■ **EXERCISE REQUIREMENTS**
The records below hold a stretch from the line with "Acacia pruinosa has" through the line with "冬雪雪冬指的是立冬、小雪、大"; return exactly those lines, ends included, and nothing more.

■ **ENTRIES SUPPLIED**
--------------------------------

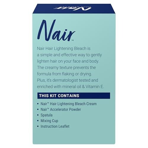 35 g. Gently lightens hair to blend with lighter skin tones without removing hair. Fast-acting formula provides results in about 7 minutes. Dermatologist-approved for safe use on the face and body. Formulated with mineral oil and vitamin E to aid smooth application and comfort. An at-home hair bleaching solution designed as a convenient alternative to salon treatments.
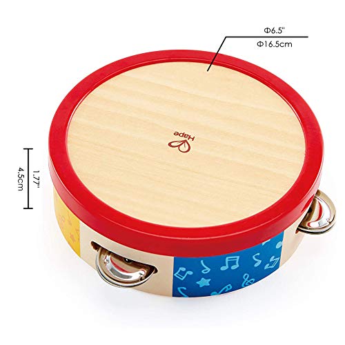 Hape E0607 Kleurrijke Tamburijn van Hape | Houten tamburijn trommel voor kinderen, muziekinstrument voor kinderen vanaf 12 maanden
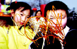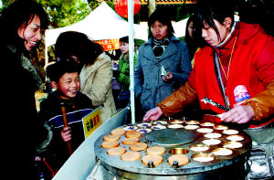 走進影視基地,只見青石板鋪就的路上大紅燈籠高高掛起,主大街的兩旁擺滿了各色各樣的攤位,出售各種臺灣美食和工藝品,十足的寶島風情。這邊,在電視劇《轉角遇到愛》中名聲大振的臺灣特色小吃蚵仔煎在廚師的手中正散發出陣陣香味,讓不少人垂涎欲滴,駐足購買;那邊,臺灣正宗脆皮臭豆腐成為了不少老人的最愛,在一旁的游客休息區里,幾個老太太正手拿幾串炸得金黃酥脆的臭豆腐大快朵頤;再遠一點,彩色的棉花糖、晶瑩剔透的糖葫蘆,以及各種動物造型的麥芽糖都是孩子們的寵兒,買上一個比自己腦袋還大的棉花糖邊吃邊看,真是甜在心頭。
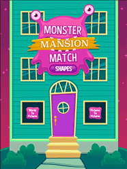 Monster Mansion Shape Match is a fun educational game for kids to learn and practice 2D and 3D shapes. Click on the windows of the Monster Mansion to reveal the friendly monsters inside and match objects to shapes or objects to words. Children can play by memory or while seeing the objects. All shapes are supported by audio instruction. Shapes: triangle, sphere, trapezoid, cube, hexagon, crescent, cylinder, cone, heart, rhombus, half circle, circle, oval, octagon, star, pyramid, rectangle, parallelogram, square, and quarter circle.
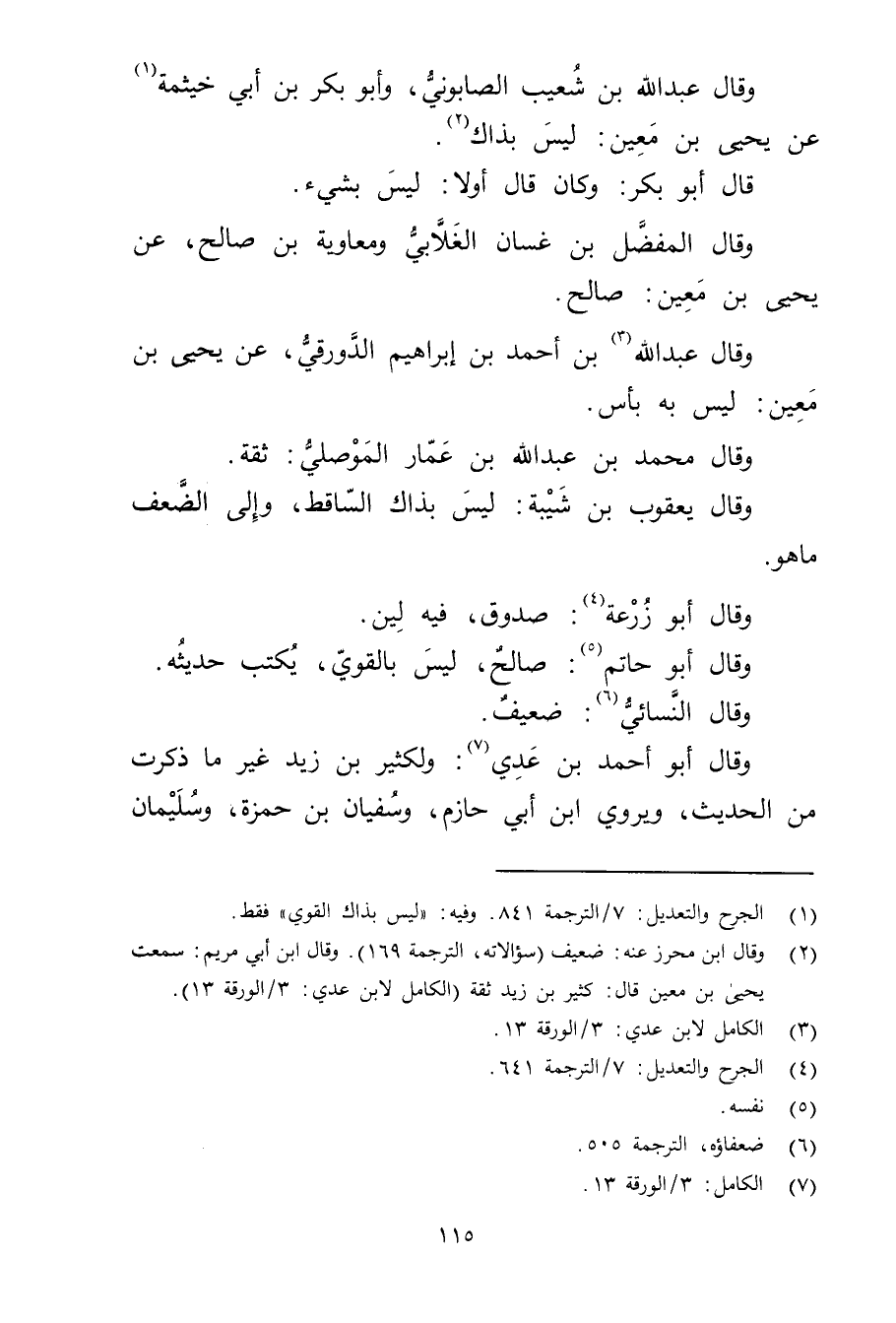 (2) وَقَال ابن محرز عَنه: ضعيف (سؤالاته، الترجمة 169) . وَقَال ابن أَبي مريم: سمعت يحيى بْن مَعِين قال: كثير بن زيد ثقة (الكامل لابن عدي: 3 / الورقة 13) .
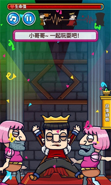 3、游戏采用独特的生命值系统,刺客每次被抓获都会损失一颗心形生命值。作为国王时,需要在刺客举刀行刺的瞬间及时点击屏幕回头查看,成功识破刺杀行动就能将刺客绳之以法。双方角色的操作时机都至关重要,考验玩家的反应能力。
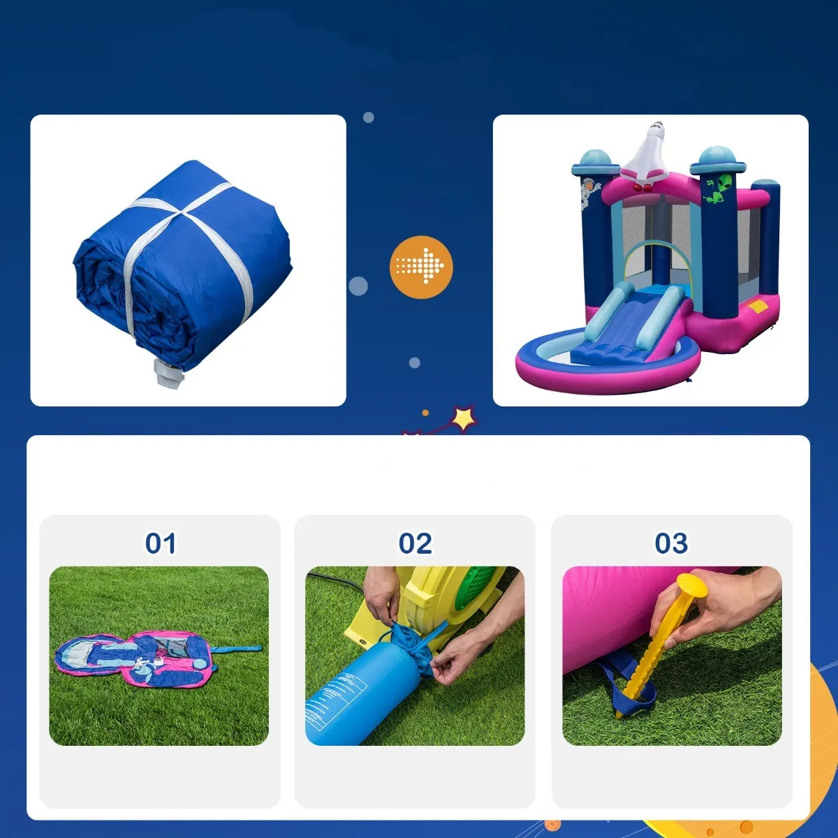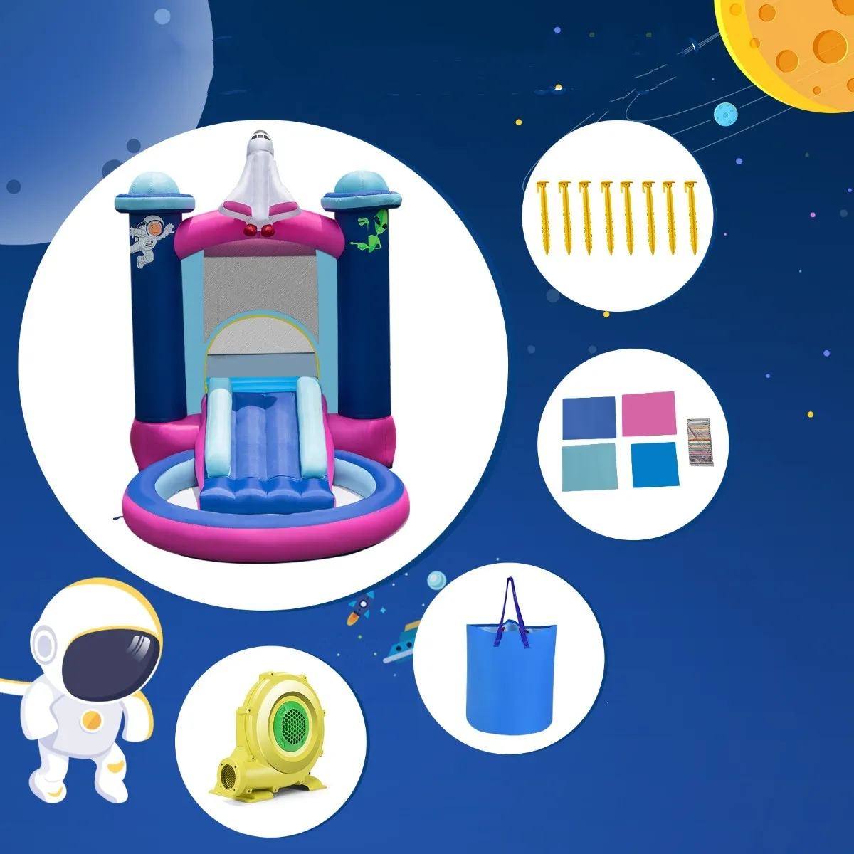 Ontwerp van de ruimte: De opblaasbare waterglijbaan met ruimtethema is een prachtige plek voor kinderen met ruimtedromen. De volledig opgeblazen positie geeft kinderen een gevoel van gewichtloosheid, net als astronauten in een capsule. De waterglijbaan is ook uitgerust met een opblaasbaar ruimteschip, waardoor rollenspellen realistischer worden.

--------------------------------

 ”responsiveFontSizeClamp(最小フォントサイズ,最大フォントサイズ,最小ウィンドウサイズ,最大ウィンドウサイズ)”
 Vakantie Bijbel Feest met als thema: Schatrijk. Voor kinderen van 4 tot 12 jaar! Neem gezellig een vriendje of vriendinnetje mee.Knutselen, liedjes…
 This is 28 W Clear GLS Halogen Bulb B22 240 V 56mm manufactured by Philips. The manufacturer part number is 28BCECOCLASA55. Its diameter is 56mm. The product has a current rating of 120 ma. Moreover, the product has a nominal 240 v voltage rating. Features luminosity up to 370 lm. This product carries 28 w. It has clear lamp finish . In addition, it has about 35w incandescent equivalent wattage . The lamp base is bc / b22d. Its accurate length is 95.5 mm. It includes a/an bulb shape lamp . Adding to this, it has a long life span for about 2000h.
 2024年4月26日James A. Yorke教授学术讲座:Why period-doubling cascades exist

--------------------------------

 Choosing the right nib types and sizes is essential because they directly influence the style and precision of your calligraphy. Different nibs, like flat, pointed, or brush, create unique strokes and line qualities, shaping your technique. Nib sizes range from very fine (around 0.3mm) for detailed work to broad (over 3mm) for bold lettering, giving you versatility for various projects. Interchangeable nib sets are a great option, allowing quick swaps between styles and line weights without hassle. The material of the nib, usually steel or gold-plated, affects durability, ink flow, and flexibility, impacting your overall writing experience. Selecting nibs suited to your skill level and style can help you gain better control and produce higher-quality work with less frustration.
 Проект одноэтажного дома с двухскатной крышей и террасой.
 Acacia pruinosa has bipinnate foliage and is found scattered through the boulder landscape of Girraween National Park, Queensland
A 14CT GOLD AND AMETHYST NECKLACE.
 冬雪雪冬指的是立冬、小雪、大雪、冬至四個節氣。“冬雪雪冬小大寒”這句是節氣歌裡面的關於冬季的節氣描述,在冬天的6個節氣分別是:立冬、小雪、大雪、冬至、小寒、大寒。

--------------------------------

■ **YOUR SOLUTION**
 Acacia pruinosa has bipinnate foliage and is found scattered through the boulder landscape of Girraween National Park, Queensland
A 14CT GOLD AND AMETHYST NECKLACE.
 冬雪雪冬指的是立冬、小雪、大雪、冬至四個節氣。“冬雪雪冬小大寒”這句是節氣歌裡面的關於冬季的節氣描述,在冬天的6個節氣分別是:立冬、小雪、大雪、冬至、小寒、大寒。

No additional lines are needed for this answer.